The columns GarageAge and GarageAgeLin have NAs. We have to drop them unless we drop the rows with NoGarage == 1 instead. For now, we just drop GarageAge and GarageAgeLin.

In [15]:
df.drop(['GarageAge', 'GarageAgeLin'], axis=1, inplace=True)

We want to split this into a training and validation set.

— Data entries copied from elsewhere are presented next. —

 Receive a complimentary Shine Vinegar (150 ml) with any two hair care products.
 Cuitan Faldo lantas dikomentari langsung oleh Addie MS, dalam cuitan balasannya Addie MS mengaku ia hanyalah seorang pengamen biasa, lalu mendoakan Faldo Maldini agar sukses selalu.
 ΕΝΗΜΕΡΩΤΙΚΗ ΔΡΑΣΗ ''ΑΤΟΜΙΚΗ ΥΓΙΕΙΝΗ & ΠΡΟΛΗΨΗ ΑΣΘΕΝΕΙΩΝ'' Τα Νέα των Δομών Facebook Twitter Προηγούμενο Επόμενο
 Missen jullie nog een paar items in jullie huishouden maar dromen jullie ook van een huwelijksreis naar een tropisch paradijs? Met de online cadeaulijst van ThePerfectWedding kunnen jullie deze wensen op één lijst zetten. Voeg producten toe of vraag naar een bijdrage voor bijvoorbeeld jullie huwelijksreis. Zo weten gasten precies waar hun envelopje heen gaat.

We want the potential outliers to be in the training set.

In [18]:
outlier_df = df.iloc[pot_outliers]

In [19]:
nooutlier_df = df.drop(pot_outliers)

In [22]:
ss = ShuffleSplit(n_splits=1, test_size=0.20, random_state=89)

In [23]:
X = nooutlier_df.values

In [25]:
for train_idx, validation_idx in ss.split(X):
    train_df = nooutlier_df.iloc[train_idx]
    validation_df = nooutlier_df.iloc[validation_idx]

In [29]:
train_df = train_df.append(outlier_df)

We'll set up the matrices we use for the validation set, since these won't change as we drop outliers. 

In [31]:
y_validation = validation_df['SalePrice'].values
x_validation = validation_df.drop(['HouseId', 'SalePrice'],axis=1).values

We will use the LassoLarsCV model and RMS error as our metric.  This is because, as we will see, linear models do reasonably well on this problem and the regularization hyperparameter is automatically selected by CV on the training data.

In [32]:
# Cross-validation sets
kfold = KFold(n_splits=10, random_state=7)

lr = linear_model.LassoLarsCV(verbose=False, max_iter=5000,precompute='auto', cv=kfold, max_n_alphas=1000, n_jobs=-1)

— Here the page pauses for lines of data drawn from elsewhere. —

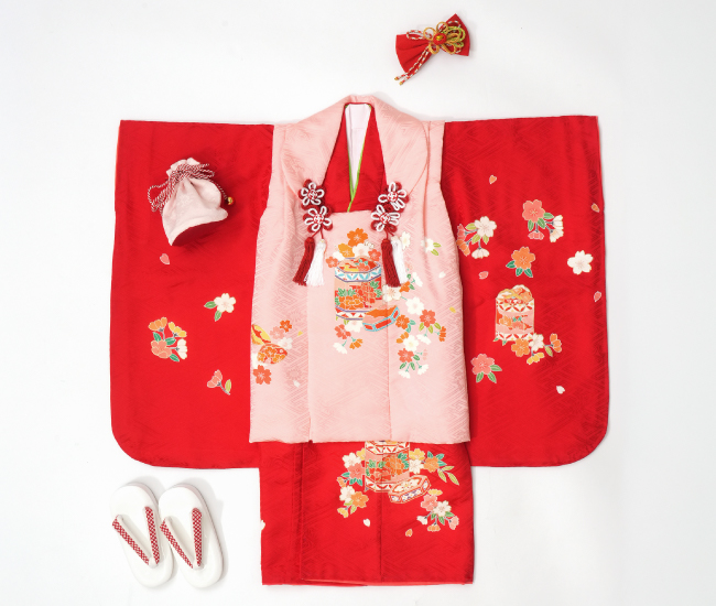 建议您穿可爱的贺礼服、雄壮的袴、华丽的腰带等,为您的孩子健康成长而祝福的一套。也有头发装饰、草鞋和小物件。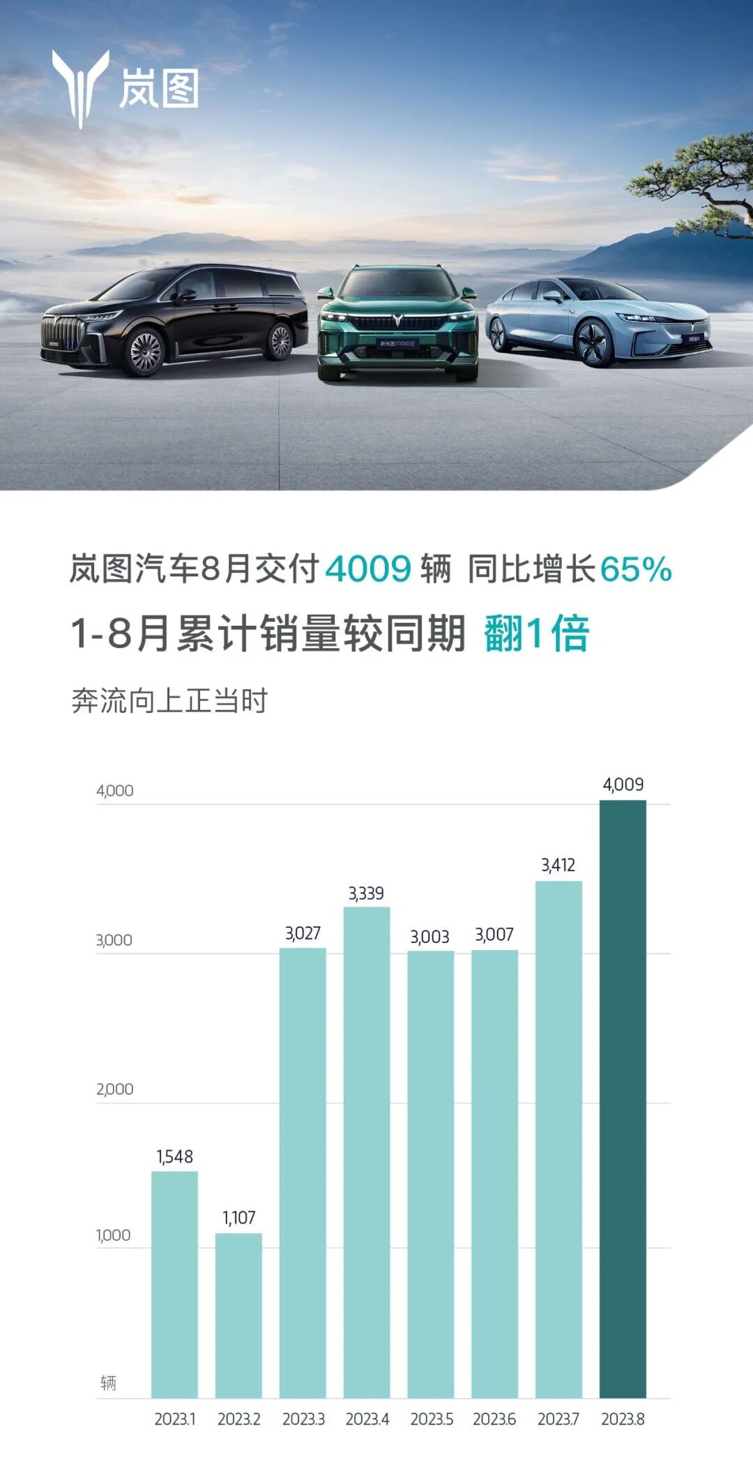 今年前8个月,岚图汽车累计销量较去年同期翻番。岚图汽车CEO卢放表示,在品牌成立三周年之际,岚图汽车销量稳中向好、创下历史新高,品牌的市场认可度和影响力再上新台阶。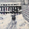 "As achromatic goes, these paintings are actually quite colorful! The surface is rich in layers of thick color and texture that pop through, enlivening the action of the paint and environment it represents. Each panel functions as a storyboard from a singular neighborhood snow event from my childhood that plays off each other as a triptych, but they are also wonderful individual narratives too and can be purchased separately. The color pops enhance the sense of livly discovery under the snow. Where I come from, a snow day like this might only last 24 hours before it melts away. It is a magical reminder of how fast the world changes and how fast we grow up. Do you remember a big snowfall from your early childhood? The excitement of the day? The newness of the world?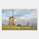 Um adesivo fotográfico com três moinhos de vento e ovelhas olhando para dentro da câmera sob lindas nuvens no céu, numa bela paisagem de primavera no campo na Holanda.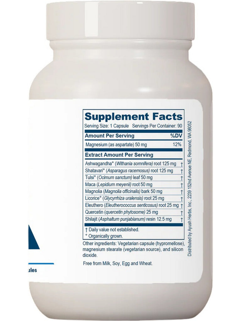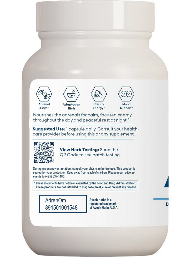 Ayush Herbs AdrenOm™ is a unique adrenal health supplement that focuses on all aspects of balancing adrenal health and support for periods of high stress. It achieves this balance by employing energizing herbs such as Maca, Shilajit, and Rhodiola and combining them with relaxing herbs such as Ashwagandha, Magnolia, Shatavari, and Tulsi. Additionally, key nutrients Magnesium and phytosomal Quercetin nourish the adrenal glands and promote a calm and focused attention. The result is a supplement that helps provide the extra energy and focus desired while simultaneously nourishing the adrenal glands and promoting a sense of calm and focus.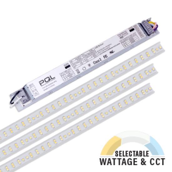 DUAL SELECTABLE 3'X4' RETROFIT LED MODULE/DRIVER KIT 20W/30W/40W 120V-277VAC 3500K/4000K/5000K CRI-83 3000LM/4500LM/6000LM 118D BEAM ANGLE 0-10V DIMMING IP20 B2-U1-G1 BUG RATING 50000HRS SNAP & GO MODULE L 43.4" W 0.7" DRIVER L 14.00" W 1.2" 1.50LBS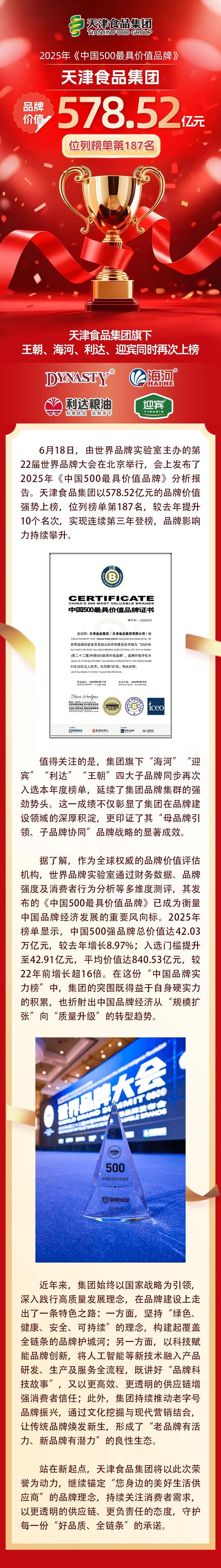 集團連續(xù)三年榮登“中國500最具價值品牌”榜單 旗下王朝、海河、利達、迎賓再次同時上榜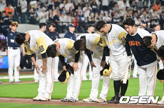 [OSEN=대전, 김성락 기자] 프로야구 두산 베어스가 강습 타구에 발목을 맞고 교체된 잭로그의 부상 악재를 극복하고 연승에 성공했다. 두산은 14일 대전 한화생명볼파크에서 열린 2025 신한 SOL Bank KBO리그 한화 이글스와의 원정경기를 7-1로 승리했다. 경기 종료 후 한화 선수들이 관중에게 인사하고 있다. 2025.05.14 / ksl0919@osen.co.kr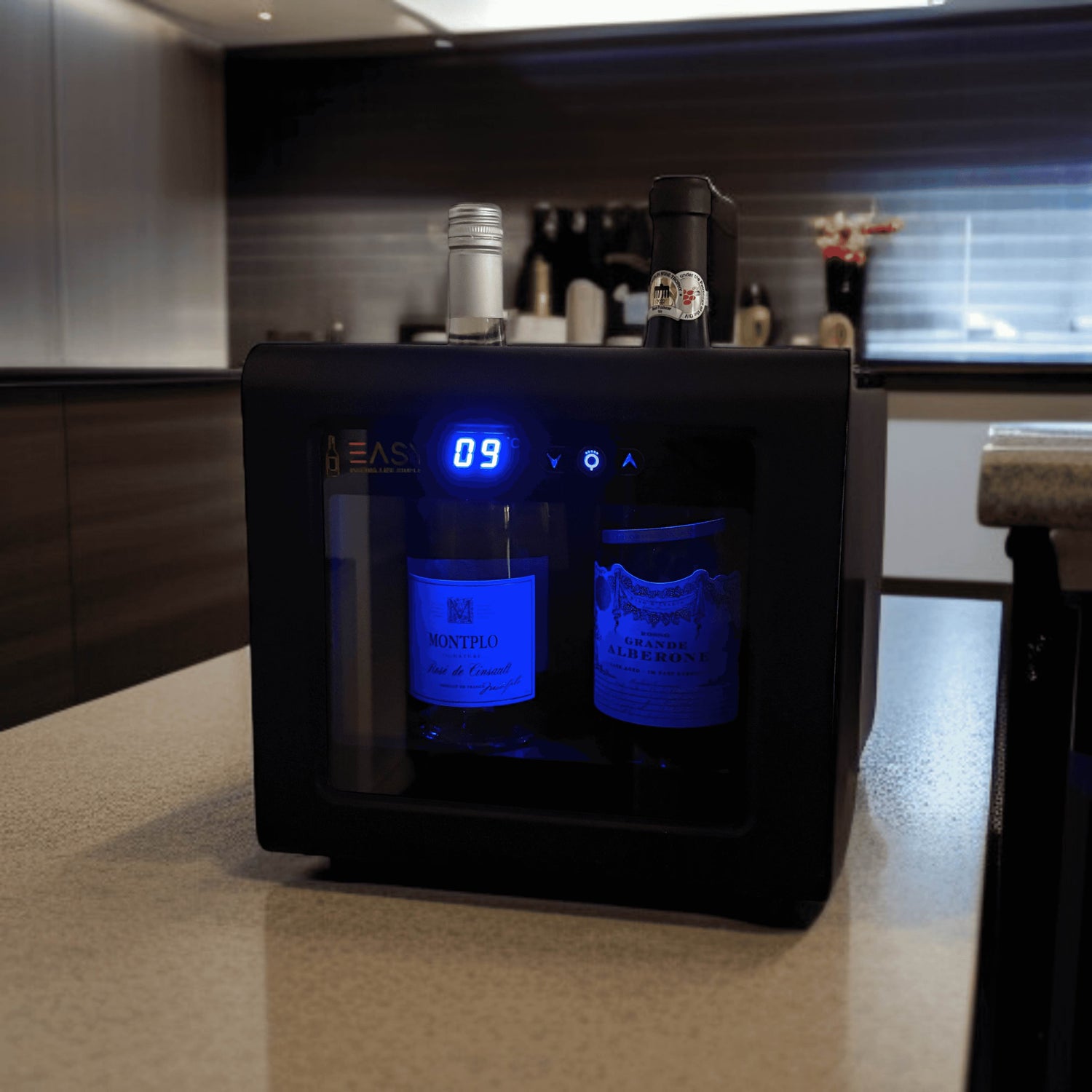 Elektrischer Weinkühler für 2 Flaschen | LED Beleuchtung & Touch-Bedienung | 7-18°C Temperaturbereich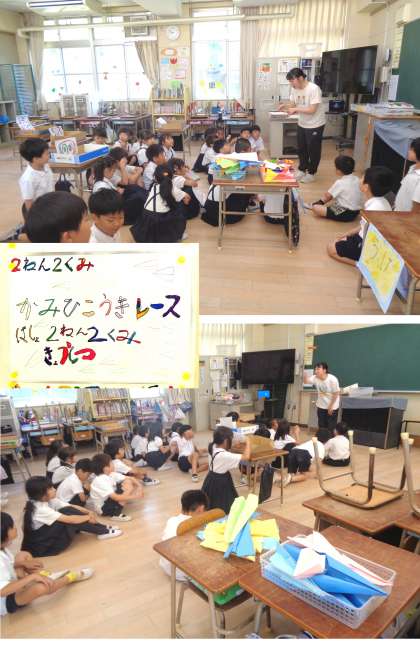 2組は、得点が書かれた箱に手作りの紙飛行機を飛ばして着陸させるゲームです。とても、よく飛ぶ飛行機があってびっくりしました。

We want to set a baseline value by training on the full dataset and then predicting on the validation set.

In [33]:
y_train = train_df['SalePrice'].values
x_train = train_df.drop(['HouseId', 'SalePrice'],axis=1).values
lr.fit(x_train, y_train)
y_pred = lr.predict(x_validation)



NameError: name 'x_pred' is not defined

In [35]:
baseline = rmse(y_validation, y_pred)
baseline

0.12503266782864195

We'll examine dropping all possible sets of outliers.  There are 512 total combinations including the baseline where we don't drop any points. train_df is still indexed by HouseId - 1

In [55]:
comb_drop_results_df = pd.DataFrame(dtype = 'float64')
count = 0 
for L in range(0, len(pot_outliers)+1):
        for subset in itertools.combinations(pot_outliers, L):
            drop_pts = list(subset)
            comb_drop_results_df.loc[count, 'Dropped'] = str([x+1 for x in drop_pts])
            y_train = train_df['SalePrice'].drop(drop_pts).values
            x_train = train_df.drop(['HouseId', 'SalePrice'],axis=1).drop(drop_pts).values
            lr.fit(x_train, y_train)
            y_pred = lr.predict(x_validation)
            error = rmse(y_validation, y_pred)
            comb_drop_results_df.loc[count, 'RMSE'] = error
            comb_drop_results_df.loc[count, 'Diff from Base'] = error - baseline
            count += 1



In [56]:
comb_drop_results_df.sort_values(['RMSE'])

Unnamed: 0,Dropped,RMSE,Diff from Base
312,"[524, 1299, 31, 496, 917]",0.11751015503521701488,-0.00752251279342493195
418,"[524, 1183, 1299, 31, 496, 917]",0.11767344602977361512,-0.00735922179886833172
403,"[524, 692, 1299, 31, 496, 917]",0.11767832787658395743,-0.00735433995205798940
487,"[524, 1183, 1299, 31, 496, 534, 917]",0.11794212227929237735,-0.00709054554934956949
509,"[524, 1183, 1299, 31, 496, 534, 917, 969]",0.11794722296893855873,-0.00708544485970338811
489,"[524, 1183, 1299, 31, 496, 917, 969]",0.11800623920290025104,-0.00702642862574169580
432,"[524, 1299, 31, 496, 534, 917]",0.11801314170909987800,-0.00701952611954206884
481,"[524, 692, 1299, 31, 496, 534, 917]",0.11807551789471042170,-0.00695714993393152514
434,"[524, 1299, 31, 496, 917, 969]",0.11808353826327439018,-0.00694912956536755666
493,"[524, 1299, 31, 496, 534, 917, 969]",0.11808925058320160484,-0.00694341724544034200


In [57]:
comb_drop_results_df.sort_values(['RMSE']).to_csv('comb_drop_results.csv', header=True)

We note that the difference from the baseline for all of these sets is very small, while the difference between sets is generally even smaller.  The (31, 496, 524, 917, 1299) set seems to be optimal, though the other top sets could be used to generate an ensemble of models.